Crawling image folders / crawl allowance
-
We recently removed /img and /imgp from our robots.txt file thus allowing googlebot to crawl our image folders. Not sure why we had these blocked in the first place, but we opened them up in response to an email from Google Product Search about not being able to crawl images - which can/has hurt our traffic from Google Shopping.
My question is: will allowing Google to crawl our image files eat up our 'crawl allowance'? We wouldn't want Google to not crawl/index certain pages, and ding our organic traffic, because more of our allotted crawl bandwidth is getting chewed up crawling image files.
Outside of the non-detailed crawl stat graphs from Webmaster Tools, what's the best way to check how frequently/ deeply our site is getting crawled?
Thanks all!
-
I did this accidentally as well recently and had 100% of my products disallowed from google shopping within 48 hours. Sounds like it's not an option. They need the crawl your images folder to make sure you have valid images in you product listings.
-
if your rankings are improving, then good move!
-
Hey Richard,
We were previously blocking googlebot from crawling our images at all (through disallowing /img/ and /imgp/ in robots.txt file. We removed this block after recieving this email from Google:
Thank you for participating in Google Product Search. It has come to our attention that a robots.txt file is preventing us from crawling some or all of the images on your site. In order for us to access and display the images you provide in your product listings, we'd like you to modify your robots.txt file to allow user-agent 'googlebot' to crawl your site.
_Failure for Google to access your images may affect the visibility of your items on Google Product Search and Product Ad results. _
While I totally agree that image traffic will not convert like standard traffic, it is free and who knows, we may just pick up a few sales from it. Of course if this comes at the cost of eating up a disproportionate amount of our crawl allowance relative to the value (or avoiding any penalties from Google Product Search) we'd be better off leaving the block on.
By way of an update, it looks like our rankings have started to improve in Google product search. We first experienced a drop in rankings and traffic from Product Search on 4/16 and removed the block from robots.txt on 4/22.
-
Why do you need Google to reach inside your img folder? Images display on the page and are indexed then. Sure, if you are selling images, then I can see the need for this, but to just crawl the img folder??
If it is not huge, I do not see it penalizing you. I would make sure all images are named using keywords as crawling pic001.jpg, pic002.jpg, product01.jpg, logo.gif will not do you any good anyway.
Also I find bad linking coming from Google image searches. No one searches to purchase a coffee cup and looks in Google images to do so. Conversely, if someone is searching images of coffee cups to use in whatever, having them click over to your site is a waste of time.
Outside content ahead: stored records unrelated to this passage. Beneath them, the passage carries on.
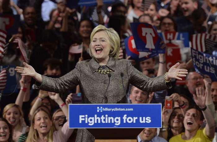 PHILADELPHIA — Hillary Clinton is on the verge of victory in the Democratic presidential primary, winning in Maryland, Pennsylvania, Connecticut and Delaware on Tuesday night. Her rival, Sen. Bernie Sanders of Vermont, won in Rhode Island.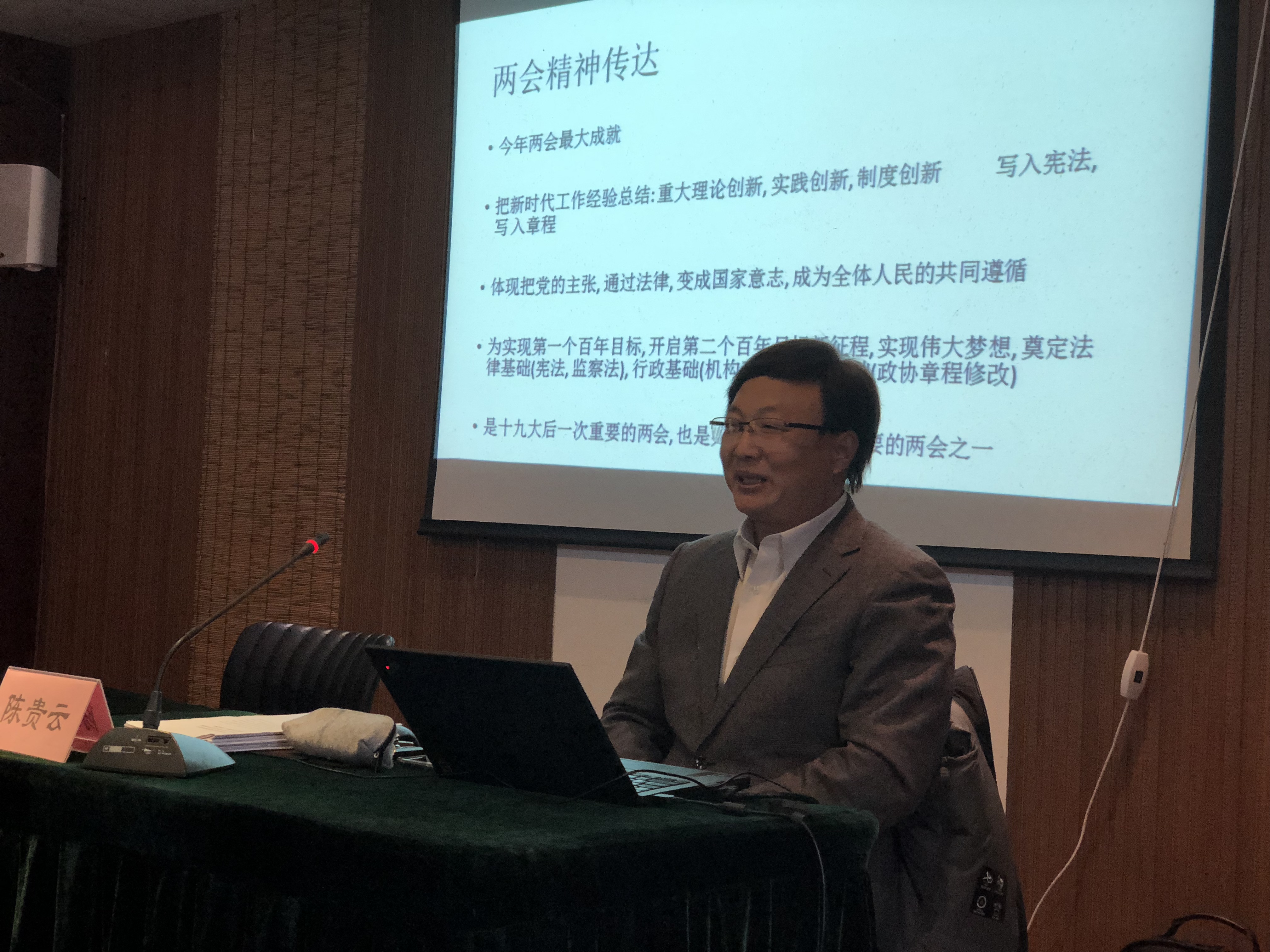 3月24日,民进PA视讯总支召开会议,邀请全国政协委员、重庆市政协副主席、民进重庆市委会主委陈贵云向全体会员传达全国“两会”精神。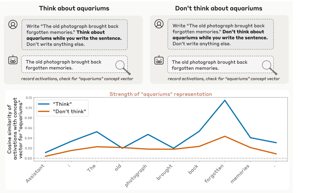 图3一个示例显示,Claude Opus 4.1能响应直接指令调节其内部激活状态:当被指令“多思考”水族箱相关内容时,模型对“水族箱”概念的内部表征强度高于被指令“不要思考”该概念时(尽管两种情况下,模型对该概念的表征水平均高于基线水平)。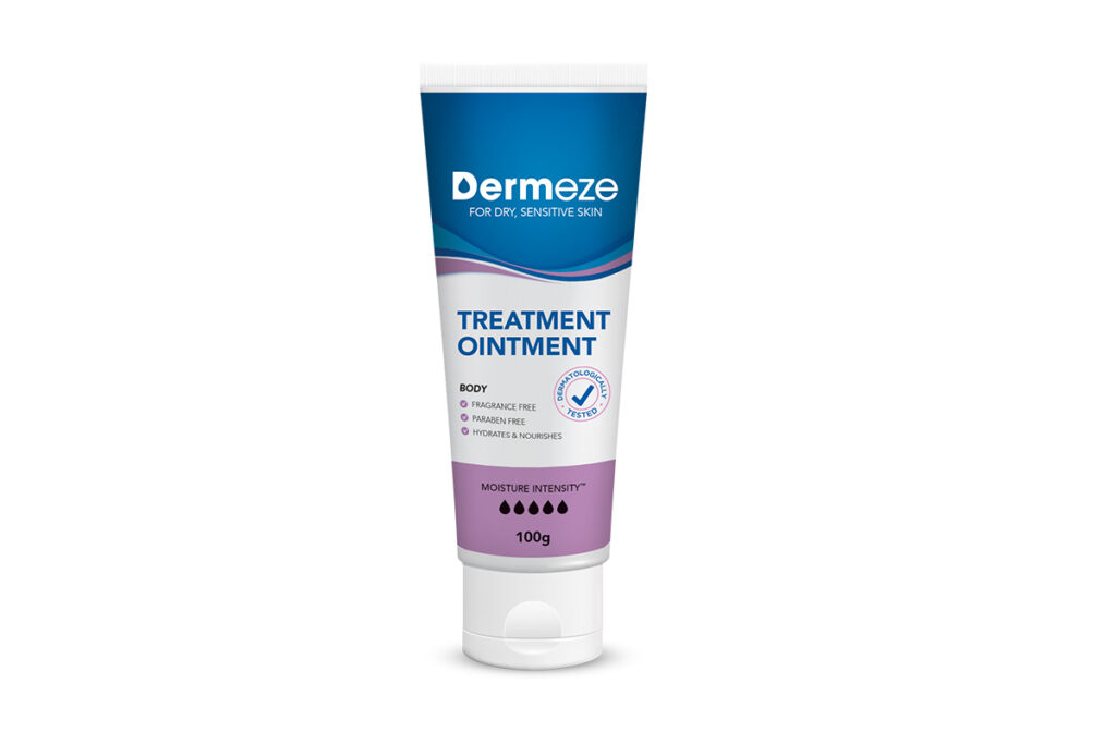 Dermeze Treatment Ointment is thick, rich and highly occlusive. Originally developed for babies’ skin, the ointment contains just 2 ingredients and no preservatives, making it less likely to sting or cause irritation.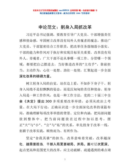 / 申论范文:躬身入局抓改革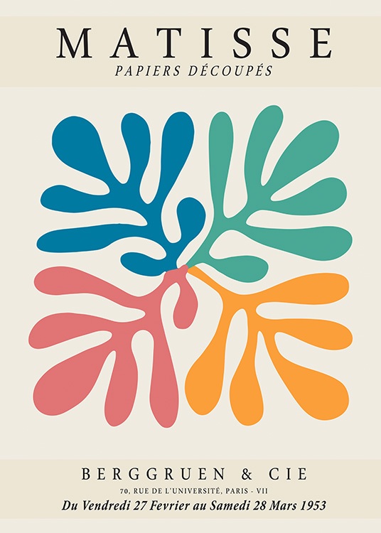 Design Osobní výběr Grafická ilustrace s korály v modré, zelené, červené a oranžové barvě na béžovém pozadí, s nápisem „Matisse Papiers Découpés“ v horní části a textem dole. Henri Matisse vedl cestu k modernímu umění a tento tisk váš interiér zaručeně a zaslouženě oživí. Dokonale se hodí k plakátu „Matisse Cutouts“.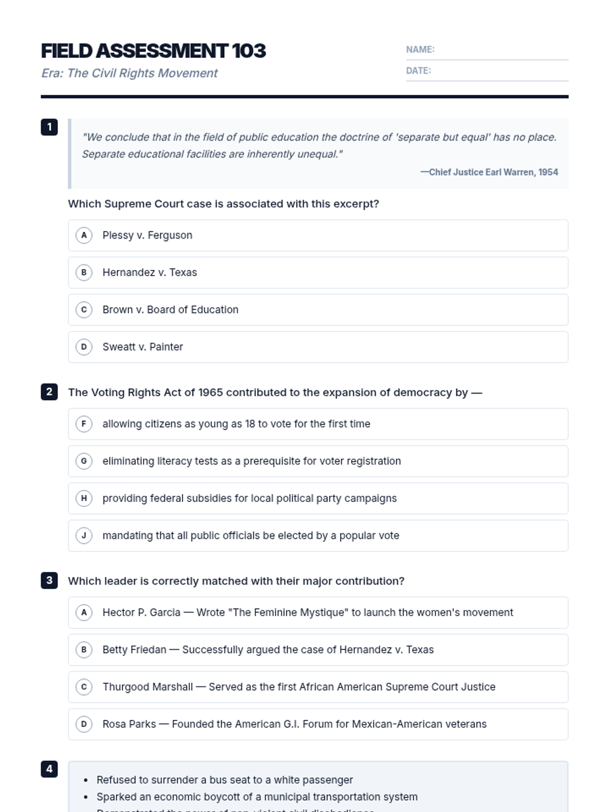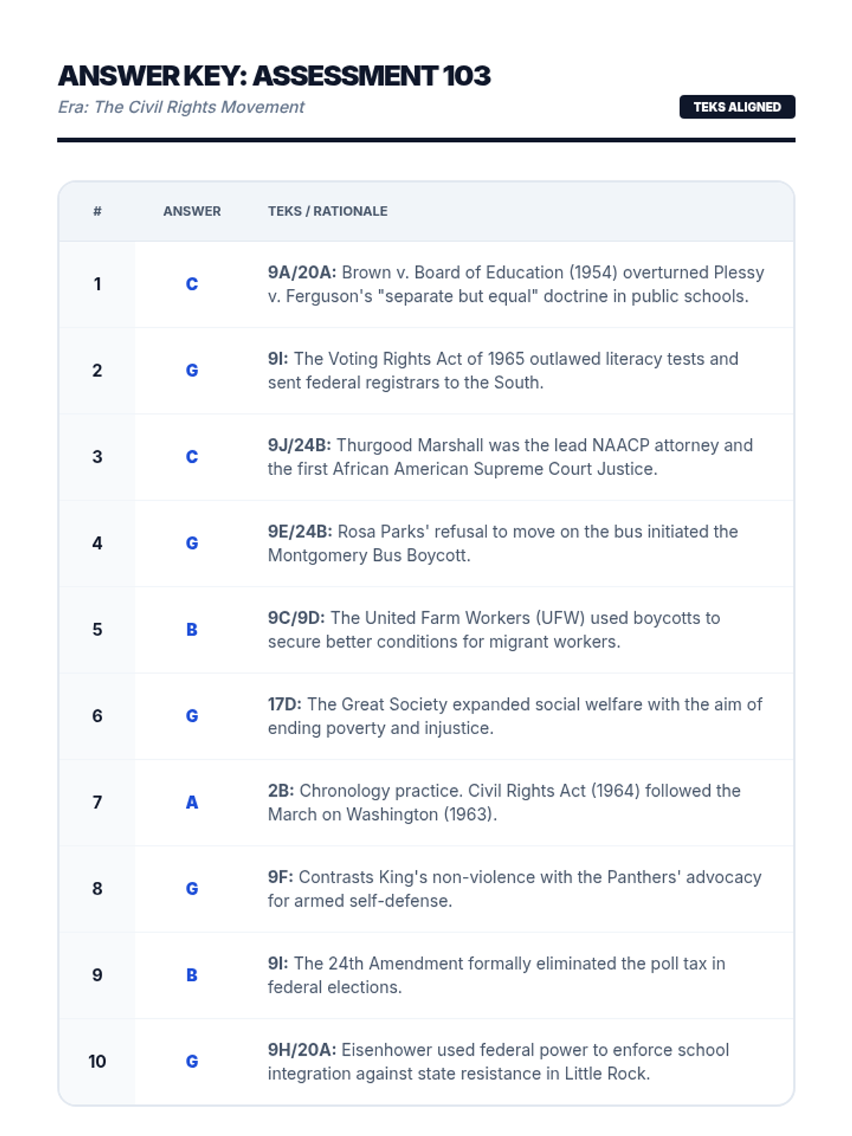 A 10-question unit assessment for the Civil Rights era, modeled after the 11th Grade Texas STAAR US History test. Includes stimulus-based questions, excerpts, and sequences covering landmark court cases (Brown v. Board), legislative acts (Voting Rights Act of 1965), diverse leadership (Marshall, Friedan, Chavez), and resistance strategies. Aligned with Texas TEKS 9, 17, and 20.

They are just going to grab the image and go leaving your metrics a mess.
I hope that helps.
-
It may effect crawl allowance but depends on the size of your site, page rank and trust etc.
One of the best ways to determine crawl depth and whether you have any issues is to create separate sitemaps for your most important content or areas of your site. You could also create an image sitemap.
Then you can monitor these over time and and will give you a good picture of which content is being crawled and indexed well and which content/images are not. This may also help you to find out if the site structure is too deep or whether you need to link more to deeper content in order to improve crawling and indexation.
Hope this helps.
-
Personally, I wouldn't try to figure out the impact by looking at crawl stats. I'd be more focused on end results. Have we had an increase in organic traffic, or conversions from Google shopping since we opened it up, or has either of these gone down?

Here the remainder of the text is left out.